Algorithms: Mathematical formulas or statistical processes used to analyze data. These are used in software to process and analyze any input data.

Analytics: The process of drawing conclusions based on raw information. Through analysis, otherwise meaningless data and numbers can be transformed into something useful. The focus here is on inference rather than big software systems. Perhaps that’s why data analysts are often well-versed in the art of story-telling. There are three main types of analytics in data, and they appear in the following order:

Descriptive Analytics: Condensing big numbers into smaller pieces of information. This is similar to summarizing the data story. Rather than listing every single number and detail, there is a general thrust and narrative.

Predictive Analytics: Studying recent and historical data, analysts are now able to make predictions about the future. It is hardly 100% accurate, but it provides insight as to what will most likely happen next. This process often involves data mining, machine learning and statistics.

Prescriptive Analytics: Finally, having a solid prediction for the future, analysts can prescribe a course of action. This turns data into action and leads to real-world decisions.

Cloud: It’s available any and everywhere. Cloud computing simply means storing or accessing data (programs, files, data) over the internet instead of a hard drive.

DaaS: Data-as-a-service treats data as a product. DaaS providers use the cloud to give on-demand access of data to customers. This allows companies to get high quality data quickly. DaaS has been a popular word in 2015, and is playing a major role in marketing.

Data Mining: Data miners explore large sets of data to find patterns and insight. This is a highly analytical process that emphasizes making use of large datasets. This process could likely involve artificial intelligence, machine learning or statistics.

Dark Data: This is information that is gathered and processed by a business, but never put to real use. Instead, it sits in the dark waiting to be analyzed. Companies tend to have a lot of this data laying around without even realizing it.

Database: A database is an organized collection of data. It may include charts, schemas or tables. It may also be integrated into a Database Management System (DBMS), a software that allows data to be explored and analyzed.

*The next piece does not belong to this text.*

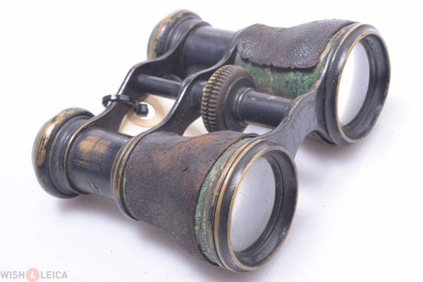 Binoculars are in overall fairly good condition. Shows signs of prior use and no corrosion. All brass. At the metal parts it shows some superficial corrosion. Shows no dings, no dents, and shows some scratches. Cover is complete and original, shows wear and is dry, but doesn’t peal off. Loose at the edges. The elements are in fairly good condition, show edge separation at the left hand side front, no haze, no cleaning marks, no scratches, no fungus on or in between the elements. Shows edge smudges and shows dust particles inside. View is bright. Eye-cups in good condition, one shows slight indentation. The focus ring turns smooth.

Hadoop (Apache Hadoop): An open source software framework, Hadoop works largely by storing files and processing data. It is also known for large processing power, making it easy to run a multitude of tasks concurrently. It allows businesses to save, access and analyze enormously big amounts of data. Apache is also in charge of other, related programs you may run into: Pig, Hive, and now Spark (more on Spark later).

IoT: The Internet of Things is generally described as the way products are able “talk” to each other. It is a network of objects (for example, your phone, wearable or car) embedded with network connectivity. Driverless cars are perfect examples. They are always pulling information from the cloud and their sensors are relaying information back. The IoT generates huge amounts of data, making it both important and popular for data science. There is also:

IoE (Internet of Everything): This combines products, people and processes to generate even more connectivity.

Machine Learning: An incredibly cool method of data analysis, machine learning automates analytical model building and relies on a machine’s ability to adapt. Using algorithms, models actively learn and better themselves each time they process new data. Though machine learning is not new, it is gaining massive traction as a modern data analysis tool. It enables machines to adapt and grow without needing hours of extra work on the part of scientists.

MapReduce: MapReduce is a programming model for processing and generating large data sets. This model actually does two distinct things. First, the “Map” includes turning one dataset into another, more useful and broken down dataset made of bits called tuples. Second, “Reduce” takes all of the broken down tuples and breaks them down even further. The result is a practical breakdown of information.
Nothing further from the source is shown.